Software is complex, and the more complex it gets, the more bugs there are. There’s no such thing as bug-free software, and for every bug/feature you think “this should have been obvious to anyone making a game like this”, there are hundreds of other bugs/features that you didn’t think of but someone else thinks “should have been obvious way before release”.
(disclaimer: i am not involved in game development professionally, although i have been a software engineer professionally for decades. however these concepts apply to software development both inside and outside of the gaming industry. i also find it disgusting when gamers put on their “armchair software developer” hats and talk about how easy it should be to write a game without “whatever issue i’m currently dealing with”)
Tldr: still letting them slide
Planning. They had set a goal, a deadline, a budget, assigned teams. To get some predictable result.
If a buggy mess isn’t their goal, they fucked up something else on their multiple releases. Like not meating deadlines and leaving little time to test and fix things. Or not having clear communication between departments. Or scrapping things they can’t implement in a hurry to launch at least some build (to fix it later?).

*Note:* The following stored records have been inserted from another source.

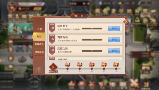 主公通过“任务”界面点击“周常”按钮即可查看当周活跃任务,完成任务达到一定活跃度后即可获得活跃宝箱~
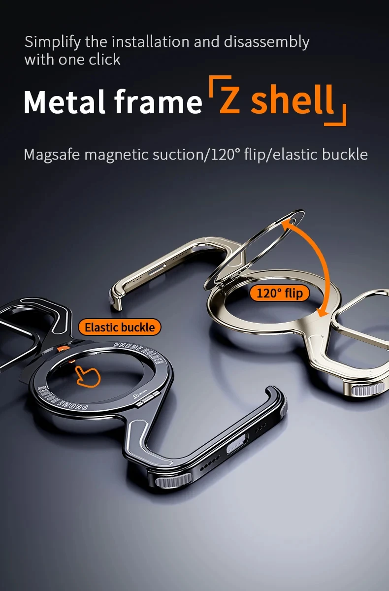 The Z Shape Aluminum Alloy Rimless Magnetic Phone Case is designed to offer your iPhone the perfect combination of premium protection, modern design, and advanced features. Compatible with iPhone 16, 15, 14, 13 Plus, Pro, and Max, this case will keep your phone safe while adding an elegant touch to your everyday look.
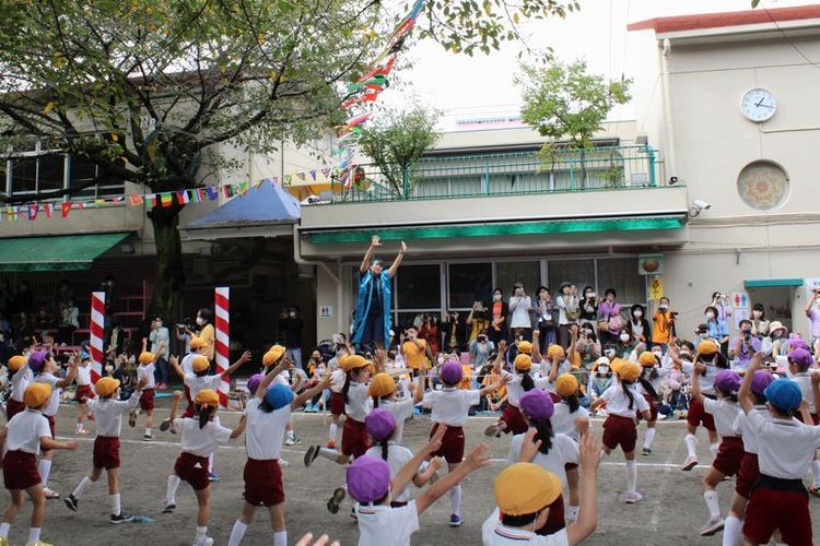 午後の部の年長組はピシッとした行進で入場したあと、全員で準備体操をして、大好きな『うーわっ!』のリズムを元気よく踊りました。

Their games are impressive and individual parts of them are cool. But why are they so janky as a whole? And do they just accept it?
Besides the old corpse of an engine and it’s CS, they have challenges like creating a big open-world with NPCs to qualify as a Beth-game, to update visuals and physics every time, to stay relevant with new trends in industry. But they still decide they would make it – and then launch F76 as it is.
It’s not toxic to say their production cycle is fucked and they sell betas. No shame in buying and enjoying them too. Why to defend them on repeated failure to deliver a working product tho?
Software bugs are not aware of, nor do they care about, all of your plans, deadlines, budgets, assigned teams, predictable results, communication between departments, or anything else. By definition, software bugs are unpredicted results. That’s what a bug is: a problem you weren’t prepared for.
Nobody’s goal is a buggy mess, nobody intends to miss a deadline. What happens is some people spend as much time on something until they’re told not to, and this becomes a business decision that comes down to estimated cost of developer time, estimated cost of not implementing it, and sometimes the bug that you care about the most is not prioritized, because of the “cost to fix” vs “cost to not fix” to project managers and executives.
You’re not special. The bugs you want fixed aren’t special. The developer who wants to fix this bug out of personal pride isn’t special, nor is their work. The only thing that is special is developer time vs profit from that developer’s time, and that decision is not made by anyone with any level of passion for the project. Just “cost of doing this” and “cost of not doing this” vs profit when doing/not-doing, which is a decision based on money only.
The whole meme of this post is a clipping issue; in real life, clipping is physically impossible, it would require two things to exist in the same physical space, and the physics that enforce that in the real world are free; we don’t have to check to make sure the physical world is mathematically possible. In game development, there is a mathematical/time cost to every interaction that real life solves with physics. There’s no way to tell a computer “don’t do anything that isn’t physically possible”, because in-game objects are not physical objects and are not affected by physical reality at all, because they are abstract mathematical concepts that are not grounded in physics, just pure math.